### Source data
◆ ◆ ◆ ◆ ◆
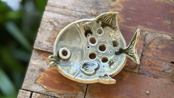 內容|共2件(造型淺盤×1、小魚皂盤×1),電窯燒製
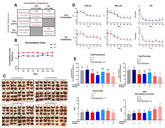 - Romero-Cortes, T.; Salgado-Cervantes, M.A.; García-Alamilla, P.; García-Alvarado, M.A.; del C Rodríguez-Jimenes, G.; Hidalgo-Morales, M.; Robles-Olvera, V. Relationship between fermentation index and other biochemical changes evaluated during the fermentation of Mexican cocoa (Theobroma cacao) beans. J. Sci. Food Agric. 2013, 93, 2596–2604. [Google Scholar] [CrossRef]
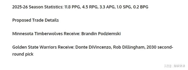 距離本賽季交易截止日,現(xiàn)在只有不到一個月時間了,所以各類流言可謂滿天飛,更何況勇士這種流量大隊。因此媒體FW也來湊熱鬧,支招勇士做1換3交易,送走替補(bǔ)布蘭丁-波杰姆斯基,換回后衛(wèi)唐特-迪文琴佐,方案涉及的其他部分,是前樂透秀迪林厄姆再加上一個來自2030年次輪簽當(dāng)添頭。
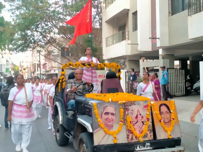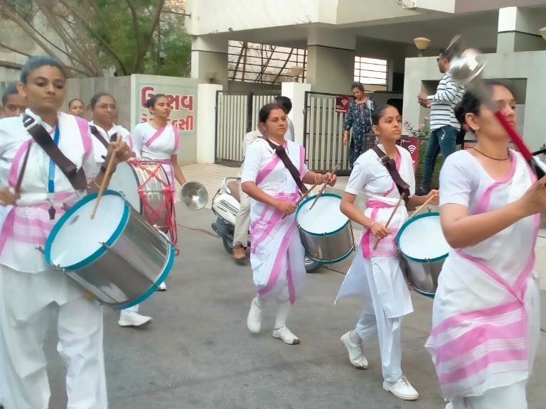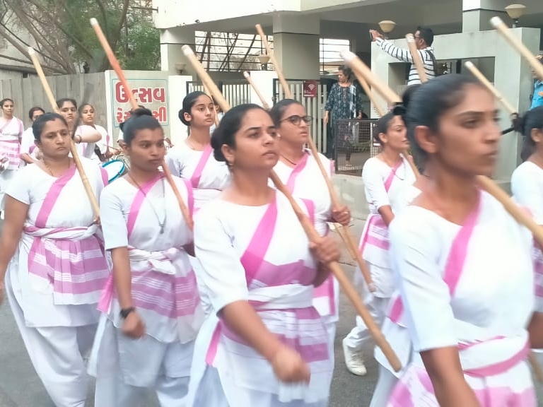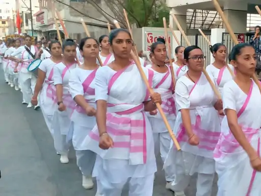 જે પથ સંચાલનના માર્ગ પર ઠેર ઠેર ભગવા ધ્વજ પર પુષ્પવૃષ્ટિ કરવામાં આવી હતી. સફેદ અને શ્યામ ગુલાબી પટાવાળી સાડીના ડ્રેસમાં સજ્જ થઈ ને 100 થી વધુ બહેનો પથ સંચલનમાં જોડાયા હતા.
◆ ◆ ◆ ◆ ◆
### Aim of the exercise
Copy everything in the listing above exactly except the pictures.

### Task result
 內容|共2件(造型淺盤×1、小魚皂盤×1),電窯燒製
 - Romero-Cortes, T.; Salgado-Cervantes, M.A.; García-Alamilla, P.; García-Alvarado, M.A.; del C Rodríguez-Jimenes, G.; Hidalgo-Morales, M.; Robles-Olvera, V. Relationship between fermentation index and other biochemical changes evaluated during the fermentation of Mexican cocoa (Theobroma cacao) beans. J. Sci. Food Agric. 2013, 93, 2596–2604. [Google Scholar] [CrossRef]
 距離本賽季交易截止日,現(xiàn)在只有不到一個月時間了,所以各類流言可謂滿天飛,更何況勇士這種流量大隊。因此媒體FW也來湊熱鬧,支招勇士做1換3交易,送走替補(bǔ)布蘭丁-波杰姆斯基,換回后衛(wèi)唐特-迪文琴佐,方案涉及的其他部分,是前樂透秀迪林厄姆再加上一個來自2030年次輪簽當(dāng)添頭。
 જે પથ સંચાલનના માર્ગ પર ઠેર ઠેર ભગવા ધ્વજ પર પુષ્પવૃષ્ટિ કરવામાં આવી હતી. સફેદ અને શ્યામ ગુલાબી પટાવાળી સાડીના ડ્રેસમાં સજ્જ થઈ ને 100 થી વધુ બહેનો પથ સંચલનમાં જોડાયા હતા.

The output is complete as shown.